So, as we prepare to graduate and walk through those gates one final time as students, let us choose our weapons wisely. Let Courage be our defense against cowardice, Hope our defense against despair, Compassion our defense against destruction.
Let’s choose Love as our ultimate defense against fear, because in the face of fear, lies the golden opportunity to shift the narrative by being someone who is willing to walk a six-year-old to a safe place, through a hole in a chain-link fence.…
Photograph by Jim Harrison
Graduate English orator Walter Edward Smelt III, M.T.S. ’17, gave an address that was seemingly about his love of books and libraries.
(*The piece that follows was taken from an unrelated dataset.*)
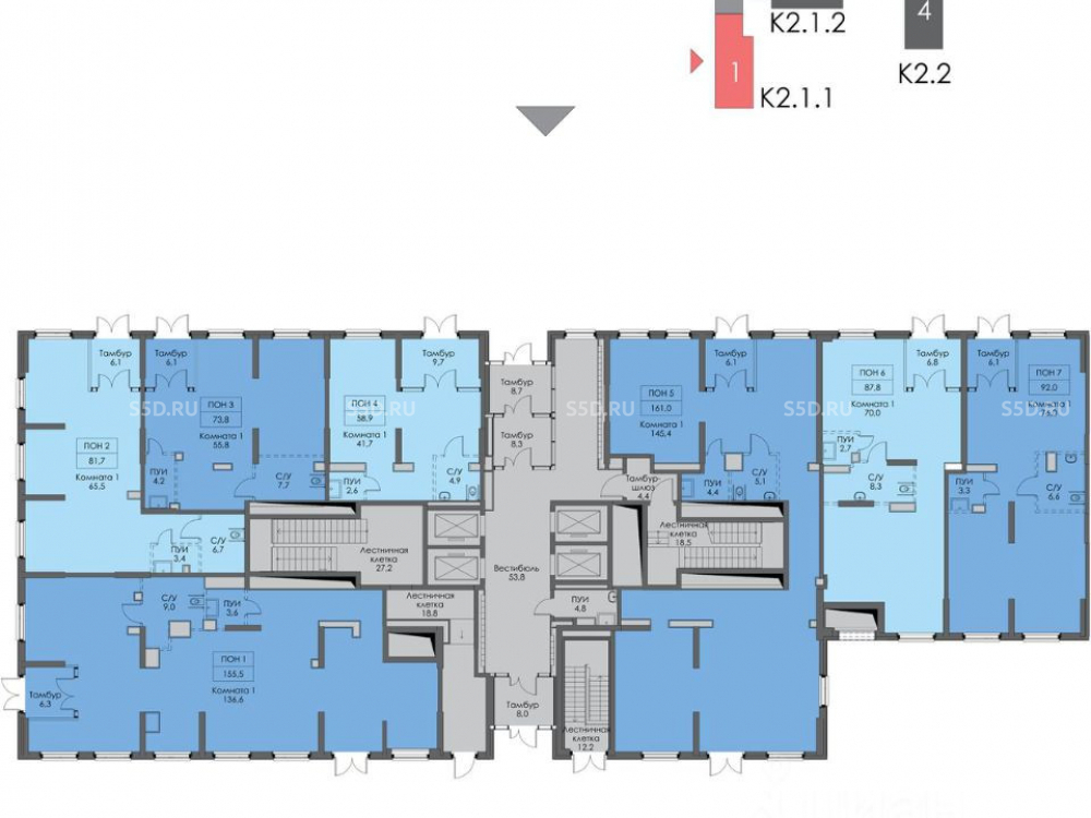 Общая площадь: 87.8 м2

But he took a different direction, toward a larger meaning—and along the way drew upon a source that might seem subversive in an age of immigration bans and border walls. An excerpt:
[S]ome problems just come with being human, and they need to be confronted again by each generation. No new technology, no printing press or app, is going to settle the problem of greed, or death, or hate. And at the Divinity School, we think about these problems, and about how people have dealt with them through the ages, and how to do what right we can in the face of all that’s wrong.
As it happens, that reminds me of a line from Rumi. “Sell your cleverness and buy bewilderment.” Harvard graduates will change the world, one way or another, because we’re clever. But we must be more than that. We must be willing to become bewildered: neither approaching a problem arrogantly, sure that we already know the answer, nor throwing up our hands and walking away. Becoming bewildered means admitting some problems don’t have quick fixes. It means learning from mistakes, learning from the other, learning what it is we can’t learn.
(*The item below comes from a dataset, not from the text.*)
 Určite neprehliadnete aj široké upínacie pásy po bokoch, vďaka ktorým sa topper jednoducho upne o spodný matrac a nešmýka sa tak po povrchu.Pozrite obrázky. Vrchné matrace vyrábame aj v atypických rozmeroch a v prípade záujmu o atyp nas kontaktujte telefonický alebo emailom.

And those are things Rumi can teach us about. Rumi, an immigrant from what is now Afghanistan to what is now Turkey, an immigrant from the thirteenth century to our own, a Muslim mystic. Rumi has something immensely valuable to tell us, but we have to listen really hard for it, with humility, and for the rest of our lives.
…[A]fter a few years here, I’m sure you’ll agree that knowledge is hard. But wisdom is even harder. We’ll need both…because this world is complex and contradictory, and if we’re not bewildered sometimes, we’re doing it wrong. But we’ll go forth anyway, to change the world and also to be changed by it, to write our own books. Those books may be made of paper or published digitally, or…may simply be the legacy of the acts that make up a life. Regardless of their form, your books will be good books if you are willing to be bewildered, if you take on this messy, tragic, lovely world and confront its problems in good faith.
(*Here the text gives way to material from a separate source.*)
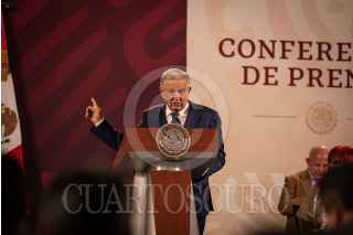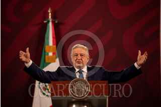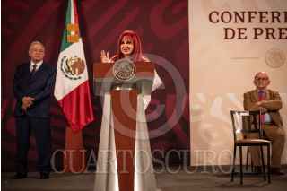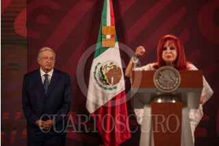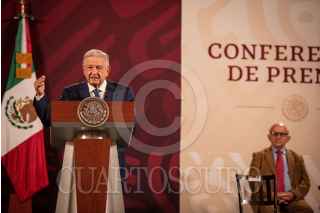 CIUDAD DE MÉXICO, 27MARZO2023.- El presidente de la República, Andres Manuel López Obrador, durante la conferencia matutina diaria. El mandatario estuvo acompañado por Diego Prieto, director general del Instituto Nacional de Antropología e Historia y por Layda Sansores San Román, gobernadora de Campeche. FOTO: PEDRO ANZA /CUARTOSCURO.COM

Photograph by Jim Harrison
In her Commencement afternoon remarks, President Drew Faust talked about free speech. She was mindful that “recently, we can see here at Harvard how our inattentiveness to the power and appeal of conservative voices left much of our community astonished—blindsided by the outcome of last fall’s election. We must work to ensure that universities do not become bubbles isolated from the concerns and discourse of the society that surrounds them.” But she was also concerned about other aspects of speech on the contemporary campus. An excerpt:
Campus conflicts over invited speakers are hardly new.
Yet the vehemence with which these issues have been debated in recent months not just on campuses but in the broader public sphere suggests there is something distinctive about this moment. Certainly these controversies reflect a highly polarized political and social environment—perhaps the most divisive since the era of the Civil War. And…free-speech debates have provided a fertile substrate into which anger and disagreement could be planted to nourish partisan outrage and generate media clickbait. But that is only a partial explanation.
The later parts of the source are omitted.